Published by Adrien - Thursday, February 22, 2024 - Other Languages: FR, DE, ES, PT
Source: CNRS IN2P3

Seven months after its launch, the Euclid space telescope begins its observation campaign which, over the next six years, will observe billions of galaxies to the edges of the Universe.

Image ESA

Green light for Euclid: after six months of commissioning and testing, the ESA's space telescope, contributed to by several IN2P3 laboratories, starts its observation campaign today that will shed light, over the next six years, on the distribution of dark matter in the Universe.

Since the launch on July 1st, 2023, the members of the collaboration have been working to check the telescope's operations and to get it ready for its mission. They especially had to deal with an unexpected problem that could negatively impact the mission: some of Euclid's sensors were found to be exposed to a tiny fraction of sunlight despite the sunshield.

Eventually, Euclid was slightly reoriented, its observation angle restricted, and the observation schedule modified so that the telescope's shots partially overlap with each other. Euclid's campaign loses a bit in efficiency, but all areas of the sky targeted by the mission will indeed be swept.

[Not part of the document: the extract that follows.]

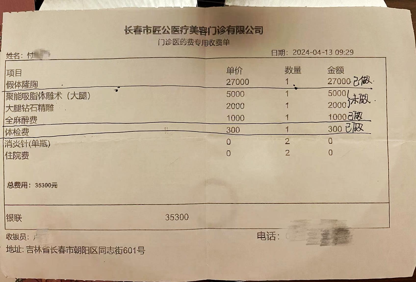 8月18日上午,付女士向记者讲述了她与匠公医美门诊发生医美纠纷的经过。2024年4月,经人介绍,她交纳3.53万元在匠公医美门诊做假体隆胸、聚能吸脂体雕术(大腿)、大腿钻石精雕项目。同年4月13日、11月20日,该门诊对其进行了上述手术。术后,付女士出现胸部高低不一致、两腿外侧明显出坑、眼沟不正确凸起的情况。付女士认为医美手术存在问题,与匠公医美门诊交涉,要求退还费用并对出现问题的胸部、泪沟、双腿进行修复治疗。匠公医美门诊认为手术不存在问题,拒绝了付女士的要求。付女士分别向长春市市场监管局朝阳分局永昌市场监管所、长春市朝阳区卫生健康局医政处进行了投诉。

For its first days of observation, Euclid turns to the constellations of Caelum and Pictor, in the Southern Hemisphere, where it will observe an area of 50 square degrees over the next two weeks. Next milestone for cosmologists: the release of data from the first year of observations in the summer of 2025.

The Euclid Telescope

Designed to measure in more detail than ever the shape of billions of galaxies across the history of the Universe, Euclid will provide cosmologists with an invaluable data mine concerning, among other things, the distribution of dark matter in the Universe and the imprint of dark energy.

The telescope stands out from its predecessors by its ability to observe a large part of the sky in a single shot, with 40,000 planned over the six years of its mission.